Report this review (#539806)
Posted Sunday, October 2, 2011 | Review Permalink
Neu!mann
PROG REVIEWER
5 stars I'm not entirely sold on the validity of a John Cale page here at ProgArchives, but this 1977 collection has some killer music no matter how you define it. Three of the songwriter's most representative albums from his mid-'70s creative peak were distilled (or gutted, if you prefer) into a rare five-star compilation album, without an ounce of fat or fluff.

Maybe the music is Progressive in a more literal sense of the word. Most of the songs here begin in a more or less rational frame of mind, but progressively lose their already tenuous hold on anything resembling sanity. The album's title track, excerpted from the 1975 "Slow Dazzle" LP, is a good example: in less than four minutes it drags the listener through a netherworld of parrot sh!t; parrot spit; piss that missed the pot; poison souls; and the singer's urgent encouragement to "kill all you want; make sure, do it right..."

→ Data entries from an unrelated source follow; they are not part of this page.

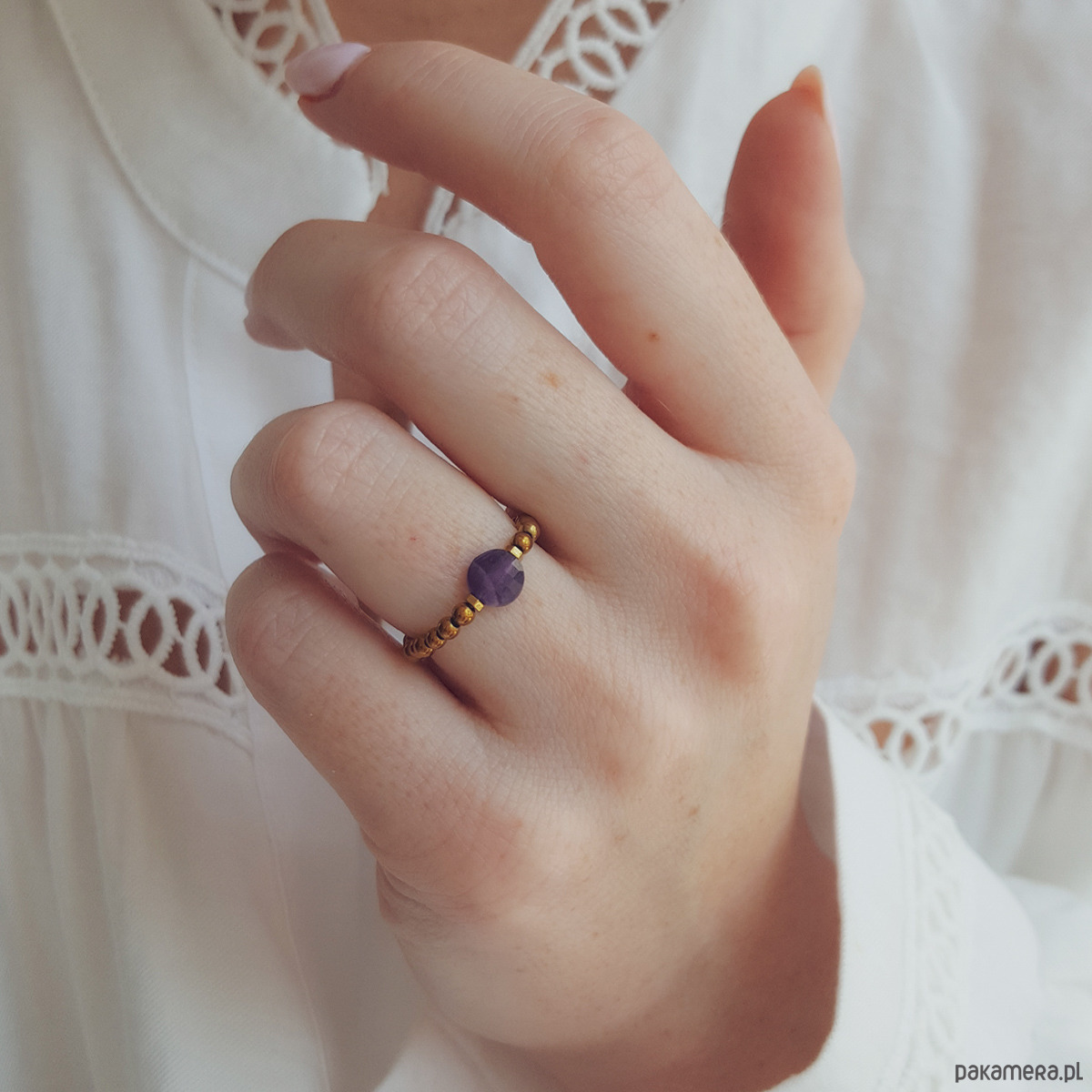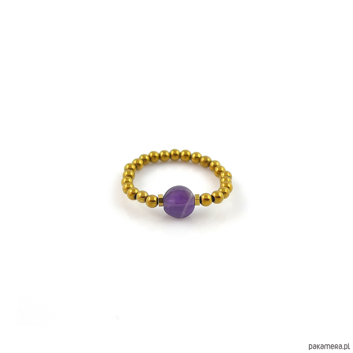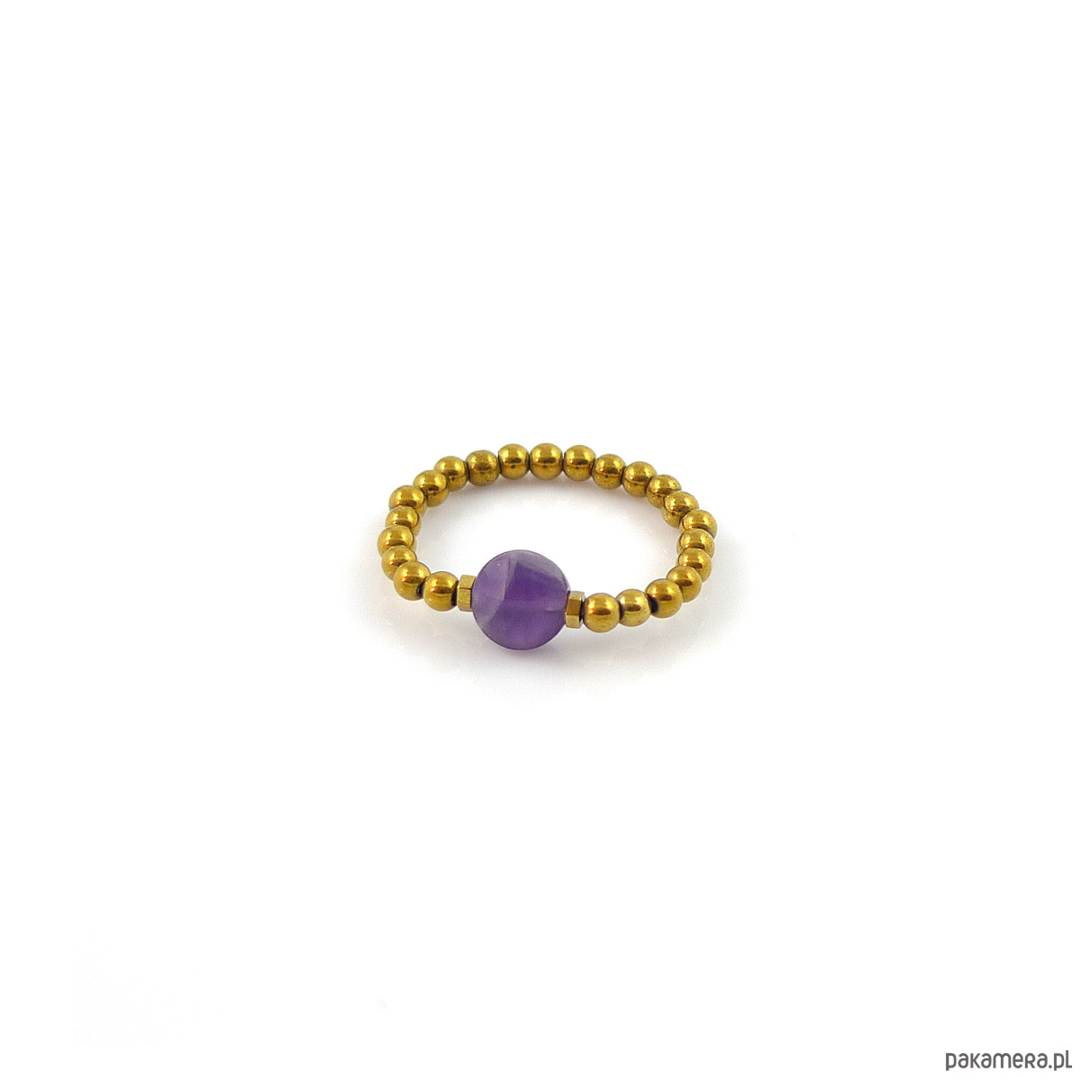 Pierścionek elastyczny wykonany z kamieni hematytu i oczka z ametystu. Obręcz pierścionka budują okrągłe hematyty w kolorze złotym. Element ozdobny to płaskie, fasetowane oczko z fioletowego ametystu. Każdy pierścionek jest niepowtarzalny ze względu na różne ametystowe oczka. Mogą być one całe fioletowe lub mieć jaśniejsze kremowe smugi albo wpadać w odcienie szarości – zawsze prezentują się wyjątkowo.
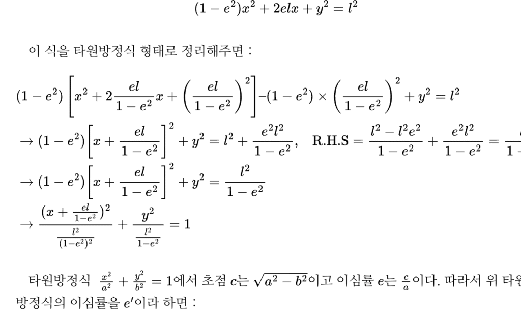 타원방정식의 극좌표 표현
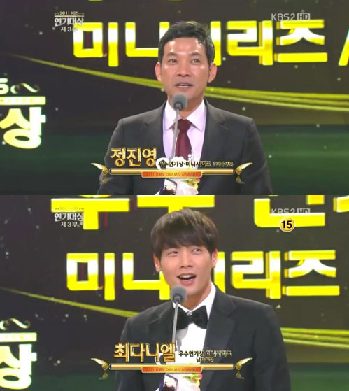 정진영과 최다닐엘은 31일 오후 9시 5분부터 서울 여의도 KBS 신관 공개홀에서 진행된 2011 KBS 연기대상 시상식에서 미니시리즈부문 남자우수상을 수상하는 영예를 안았다.

We're a long way from the Heart of the Sunrise, in other words. And that's before the jaw-dropping dementia of "Leaving It Up To You", omitted from the 1975 album "Helen of Troy", possibly due more to Cale's delivery than his lyrical content. Or the nihilistic philosophy expressed in "Fear is a Man's Best Friend" and "Gun". Or the rape of Elvis Presley in the malevolent update of "Heartbreak Hotel", sung as if by an axe-murderer approaching an ecstasy of bloodlust.

Given the extremities of subject and style, even the Prog-Related label might seem like a stretch. But you can see the connection in Cale's choice of session players: Phil Manzanera, Brian Eno, Phil Collins (back when the Genesis drummer still had musical aspirations), and ace guitarist Chris Spedding, the latter not really a Prog artiste but certainly among friends. There are far more comprehensive Cale samplers on the market, spanning a wider cross-section of his larger career. But there's a tighter focus in the limited range of this album. A great song selection, strong performances, and a scary/funny iconic cover photo make it an essential package of truly great hits, most of them below the belt.